寒歌轻佻一笑,道:「老头子,我偏不放,有本事你就来抢。」噘起嘴,迅雷不及掩耳地在窦德男香腮上「啾」地印下一个吻。
「浑帐!」齐吾尔惊天怒吼。
窦德本来不及反应,只觉一阵烈风疾扑过来,一只健臂便紧扣她的腰倒拖过去,一转眼,她已被他挟在腋下,而他却像疯了般,同时赤手空拳和寒歌的火铁夹子缠斗起来。
「你们两个?!啊!住手、住手!」银枪呢?哇,她的银枪被踢到火炉里了!「不要打了,齐吾尔,你住不住手?!住不住手?!」她拚命挣扎想甩掉腰上的束缚,可是男与女的差别就在这里,比蛮力永远赢不了。
这时,店铺外已围满人潮,对他们指指点点、议论纷纷。
简直丢脸丢到家了!
「我要杀了他!」齐吾尔大叫,一臂抱着窦德男,一臂以单掌来去十多招,硬生生把寒歌逼到角落。

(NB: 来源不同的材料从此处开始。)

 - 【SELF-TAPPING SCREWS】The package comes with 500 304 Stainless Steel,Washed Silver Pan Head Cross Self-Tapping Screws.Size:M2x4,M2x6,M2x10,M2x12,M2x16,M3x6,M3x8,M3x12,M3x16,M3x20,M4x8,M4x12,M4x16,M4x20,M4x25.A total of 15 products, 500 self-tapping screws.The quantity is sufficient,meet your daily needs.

「你杀寒歌,我就杀你!」窦德男气得口不择言,却重重打击了齐吾尔的心。
毫无预警,他说停就停,傻楞楞地站着,而寒歌手中的铁夹来不及收势,当面划过,「滋」地轻响,在他右颊烫出一条伤口。
窦德男惊呼一声,挣脱他的手臂,急着查看他颊上烧伤,又急着对寒歌嚷着,「你、你你怎地伤了他?!唉唉……快!你们家祖传的烫伤膏在哪儿?」
打铁铺里多少备有这种药,而张老铁的祖传烫伤膏跟打出来的铁器一样,都是远近驰名的。
「在左边矮柜里,黄色罐子。」寒歌懒懒地道,把铁夹扔下,瞄向外头人潮,「该做什么就做什么,再瞧下去我要收费了。」
他一说完,所有人即时一哄而散。
这一头,齐吾尔动也不动,脑子里不知想些什么,像石像似的稳稳站着,两眼定定地瞅着忙着取膏药、开罐子、帮他敷药的窦德男,一瞬也不瞬的。
她指尖的触感,他微眯着眼,心却一滴滴地淌着血。
「阿男,你后悔了是不是?你找到比我更好的人了,对不对?我……我……」他哑声问。
该要说些祝福的话,然后潇洒离开,可是他根本办不到,他放不开手,她是他的阿男啊……
他又开口,想把话说完,「……我、我,拿开!我不要擦这臭小子的药!」突然想到,他一吼。
「齐吾尔,你莫名其妙!你到底想怎样?!」窦德男气得跺脚。「你说话客气一点,寒歌不是臭小子!」
「对!他不臭,他很香!臭的是我!」
「你……你、你你你……」一口气梗在喉间,她真想狠狠咬他一口,再狠狠踢他一脚。
这时,寒歌轻咳了咳,慢条斯理地解下打斗时松掉的头巾重新整理,一头乌黑亮丽的长发像瀑布般流泄而下,着实像极了姑娘家。
着实像极……姑娘家?!
咦──
齐吾尔陡地一楞,才惊觉东街十来家打铁铺,打铁师傅哪一位不是露出精壮黝黑还长毛的胸膛,就这位瘦小的「寒哥」,从头到脚包得密不透风,竟真的是一位小姑娘。